Là-bas, Nouh rencontre Nadim Al- Sabbane, et sa vie prendra un nouveau tournant. Il décide de partager son monde et de s’introduire dans les cercles intellectuels. Il fréquente les journalistes travaillant dans le magazine Bab Al-Haqiqa (la porte de la vérité), où travaille Nadim. Nouh devient également un habitué de leur lieu de rencontre favori, Bar Layalina (le bar de nos veillées), où se retrouvent intellectuels, écrivains et journalistes. L’univers de ces derniers apparaît riche au loin, mais en réalité, il s’avère vide de tout sens. Le figurant cherche à comprendre les dessous de ce monde, et surtout comment des imbéciles aux capacités limitées peuvent se transformer en personnes aux allures intelligentes.
Il prétend être un riche producteur de films, pour être mieux accepté.

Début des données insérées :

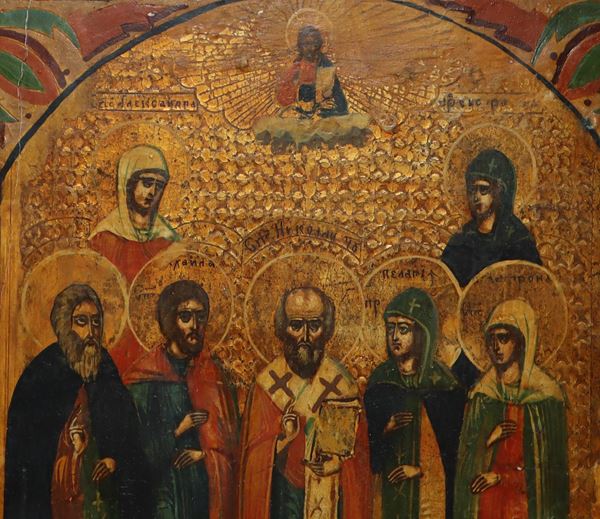 Icona russa Cristo Pantocratore con sette santi su fondo oro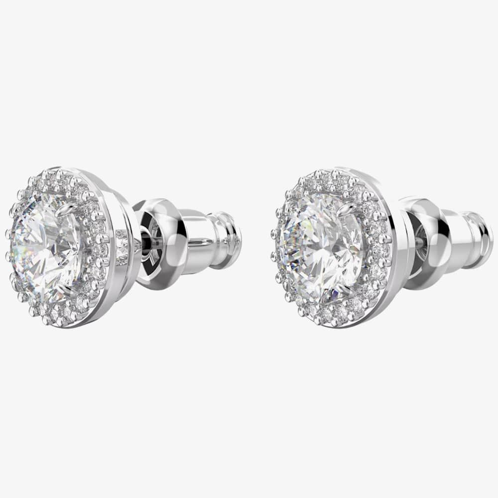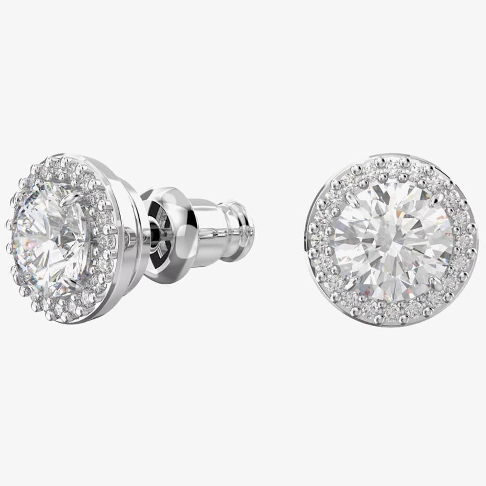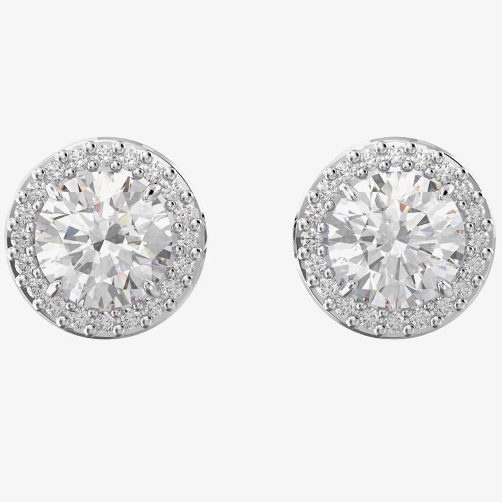 These earrings are delicately crafted from base metal with a silver rhodium plating. These beautiful stud earrings feature a halo of round white cubic zirconia stones, finished with a bullet backing for a secure fitting.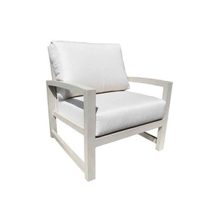 The Venice Outdoor Deep Seating Chair makes it easy to expand your outdoor living or entertaining space, with its slightly elevated backrest and customizable deep seating cushions. Featuring open framed armrests and a slat back, is cushions are Canadian made and available in a variety of Sunbrella® colours and patterns. The Sunbrella® fabric is designed to withstand mold, mildew, stains and sun damage.

Puis, la vérité éclate au grand jour, et il est mis à la porte, étant devenu la risée de tout le bar. « Les événements se déroulent entre le début des années 2000 et 2020. (…) J’ai tenu à donner corps à des personnages bien réels, en chair et en os, représentatifs de la vérité des Hommes dans notre société. Et ce, pour aborder le thème du mensonge, qui nous entoure de partout », a expliqué Al-Fakharani lors de la soirée de dédicace organisée récemment par la maison d’édition Al-Shorouk. Et de préciser : « Les intellectuels vivant dans leur bulle, séparés des gens, et leur prétention d’être plus civilisés m’ont poussé à écrire ce roman ».
Dédicace et débat dans les locaux de Consoleya, au centre-ville du Caire.
La réalité choquante
Dès les premières pages du roman, on saisit rapidement que Nouh Al-Rahimi, le personnage principal, représente les personnes médiocres, qui prétendent ou croient véritablement avoir du talent. Il essaie de se rapprocher des journalistes de la revue Porte de la vérité, pensant qu’ils étaient de vrais intellectuels, en ayant en tête de devenir un acteur de renommée.
Le romancier tourne en dérision un grand secteur du milieu culturel et artistique, ces soi-disant penseurs et ceux qui les croient. A travers les habitués du bar, il analyse ces sphères qui brillent de mille feux au loin. Il critique le rôle des intellectuels, met à nu leurs conflits et leurs manières d’interagir. Bar Layalina aborde aussi le rapport entre l’élite et le peuple, affirmant que l’un est le miroir de l’autre. Le langage de Nouh, le figurant, est assez simple et direct, face au jargon intellectuel, presque incompréhensible et emphatique.
Au potentiel limité, il a décidé quand même de comprendre et d’imiter ces pseudo-intellectuels qui l’entourent. Et c’est là qu’il découvre leur côté mensonger, qu’ils sont « vides à l’intérieur ». Le roman met le lecteur en garde contre les imbéciles et les faux jetons. On finit par voir nous aussi qu’un imbécile ou un ignorant ne se rend jamais compte de sa bêtise et n’arrive pas à en mesurer l’ampleur. Du coup, il ne cherche pas à s’en débarrasser. La porte de la vérité, dans ce roman, s’ouvre sur tant de pourriture et de fragilité.
Bar Layalina, d’Ahmad Al-Fakharani, aux éditions Al-Shorouk, 2022, 152 pages.